One of the elements of tenement-house life that Riis examines is the high rate of saloons packing the neighborhoods home to the poorest residents of New York. Riis characterizes “stale-beer dives” and other alcohol shops as a natural outgrowth of poverty. A typical Progressive-era reformer in this way, Riis assumes a moral connection between alcohol and moral depravity, even if he sees alcoholism as the result and not the cause of the unjust social and economic conditions of the poor. Drinking alcohol is, in his characterization, what the poor do because they are in need of some kind of solace for their situation. But stale-beer dives are also some of the only spaces of leisure open to this population. Places like reading rooms, cafés, and gardens, for instance, are absent from tenement neighborhoods: as a result, Riis argues, the saloons are both an emblem and a source of the worst things that can be found in the poorest areas of the city.

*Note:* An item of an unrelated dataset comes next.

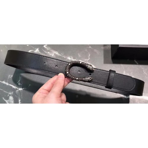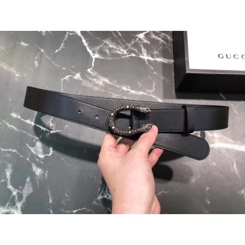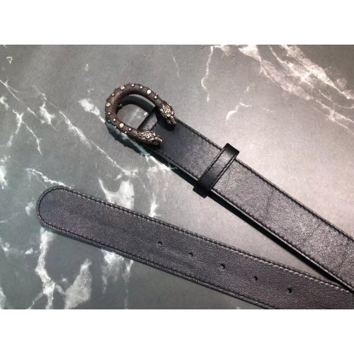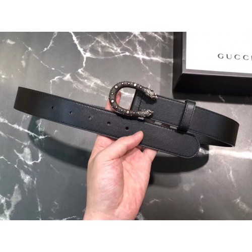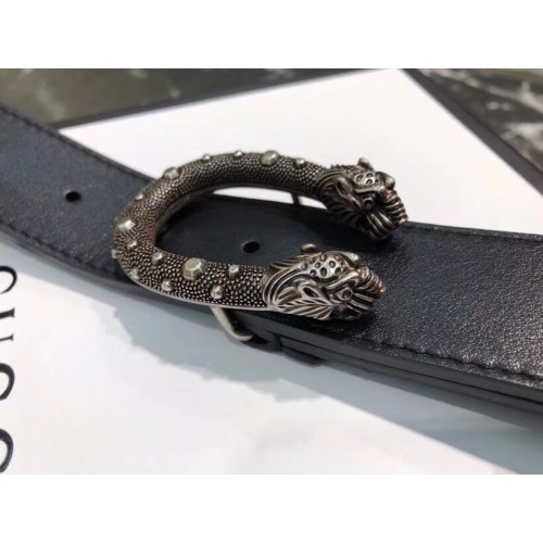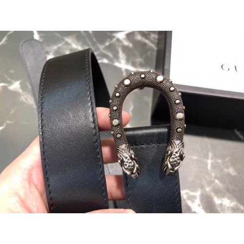 Gucci Width 3/3.5cm Leather Belt Black/Silver with Dionysus Stud Buckle

Beer Quotes in How the Other Half Lives
The meanest thief is infinitely above the stale-beer level. Once upon that plane there is no escape. To sink below it is impossible; no one ever rose from it. One night spent in a stale-beer dive is like the traditional putting on of the uniform of the caste, the discarded rags of an old tramp.
One may walk many miles through the homes of the poor searching vainly for an open reading-room, a cheerful coffee-house, a decent club that is not a cloak for the traffic in rum. The dramshop yawns at every step, the poor man’s club, his forum and his haven of rest when weary and disgusted with the crowding, the quarreling, and the wretchedness at home.
A number of [saloons], on the contrary, had brought their owners wealth and prominence. From their bars these eminent citizens stepped proudly into the councils of the city and the State. The very floor of one of the bar-rooms, in a neighborhood that lately resounded with the cry for bread of starving workmen, is paved with silver dollars!